Why Anderson Silva can't be counted out just yet

Yahoo Sports
Anderson Silva's gruesome leg injury at UFC 168 left MMA fans in attendance in shock. (Getty)
Anderson Silva's gruesome leg injury at UFC 168 left MMA fans in attendance in shock. (Getty)

LAS VEGAS – Imagine for a moment that, instead of summoning all of his will and courage to get to his feet while being pummeled by Alistair Overeem, Travis Browne had a complete tear of all of the ligaments in his knee during their fight last year at the TD Garden in Boston.

Instead of rallying to win a bout that he was literally a second or two away from losing, the torn knee would have ended the fight and Overeem would have gotten the victory.

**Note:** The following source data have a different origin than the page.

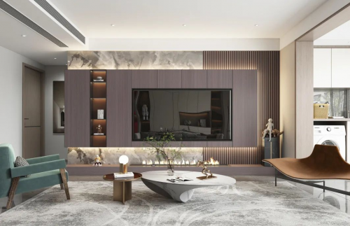 「江南好景不胜数,白月流光双鹤舞。」室无石不雅,居无石不安。别样石纹如江潮拍岸,水沫浮沉;如流云卷舒,缱绻袅娜;如他山璞玉,莹润流光。寓动于静,以流动的动感为居所增添生命张力,将至柔的艺术之美与至刚的现代科技合而为一。
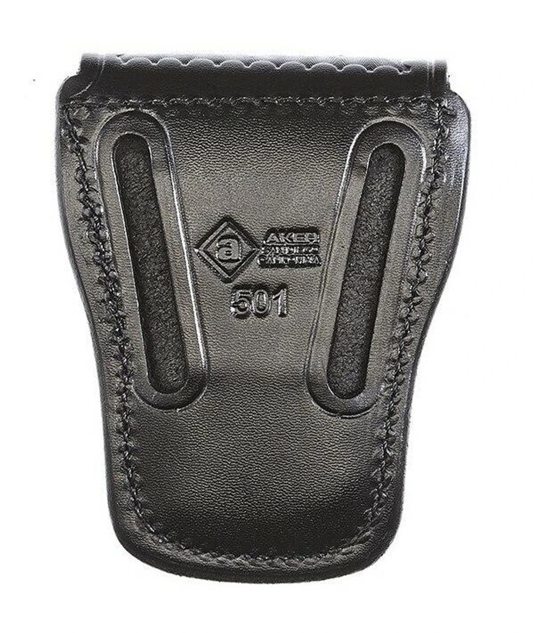 The Aker Model 501 Teardrop Handcuff Case features a teardrop design, as specified by the California Highway Patrol. This teardrop cuff case fits one pair of chain handcuffs, including Smith & Wesson Model 100 handcuffs and the Peerless 700C and 730C.
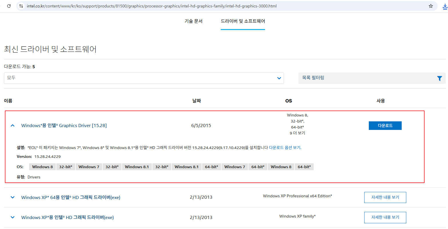 https://www.intel.co.kr/content/www/kr/ko/support/products/81500/graphics/processor-graphics/intel-hd-graphics-family/intel-hd-graphics-3000.html
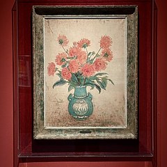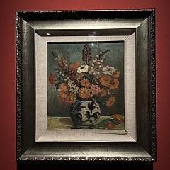 展出作品年代跨越20世纪中叶至今,亮点展品包括潘玉良《青瓶红菊》、周碧初《秋波双亭》、罗中立《喝水的农民》、王劼音《秋色》等。
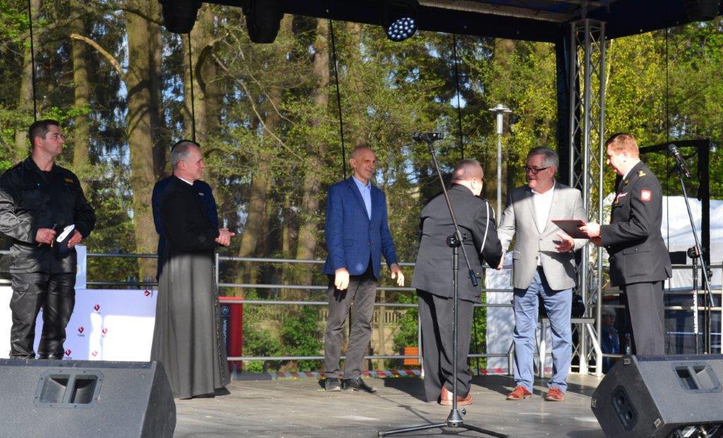 Po mszy strażacy z Państwowej Straży Pożarnej oraz druhny i druhowie z Ochotniczych Straży Pożarnych z terenu gminy Grodzisk Mazowiecki wyróżnieni zostali nagrodami rzeczowymi ufundowanymi przez Burmistrza Grodziska Mazowieckiego oraz z Radę Miasta. Panu Burmistrzowi Grzegorzowi Benedykcińskiemu wręczony został Medal Honorowy im. Bolesława Chomicza nadany przez Zarząd Główny Związku Ochotniczych Straży Pożarnych Rzeczypospolitej Polskiej za zasługi dla rozwoju i umacniania Związku OSP RP oraz Ochotniczych Straży Pożarnych.
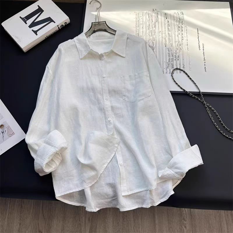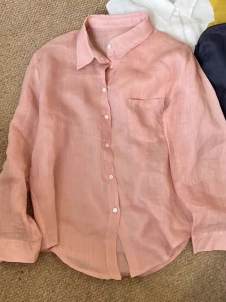 오래된 돈 바람 아마 주간 실크 여성 셔츠 2026 봄 루즈핏 캐주얼 오픈 가디건 품격 느슨함 센스 긴팔 셔츠

Browne wouldn't be on the verge of a title shot and wouldn't be developing a reputation as one of the most feared men in the sport of mixed martial arts.

As Browne was covering up and taking punches from Overeem, it looked like he was about to lose. But Browne rallied to his feet and scored one of the most unlikely wins in UFC history, setting him down the road toward stardom.

That very moment is the exact reason why it's impossible to dismiss Anderson Silva when he says he wants to return to the top of the UFC's middleweight division.

Yes, Chris Weidman knocked Silva out when Silva left his hands at his side and offered his chin as a target at UFC 162.

And yes, Weidman was having his way with Silva in the rematch at UFC 168 in December, until the leg kick that snapped the bones in the bottom of Silva's left leg.

As Silva lay on the mat shrieking in pain before an eerily silent crowd at the MGM Grand Garden, it seemed plainly obvious that his legendary career had come to an end.

Within a few hours, Silva was on an operating table, having a rod inserted into his leg.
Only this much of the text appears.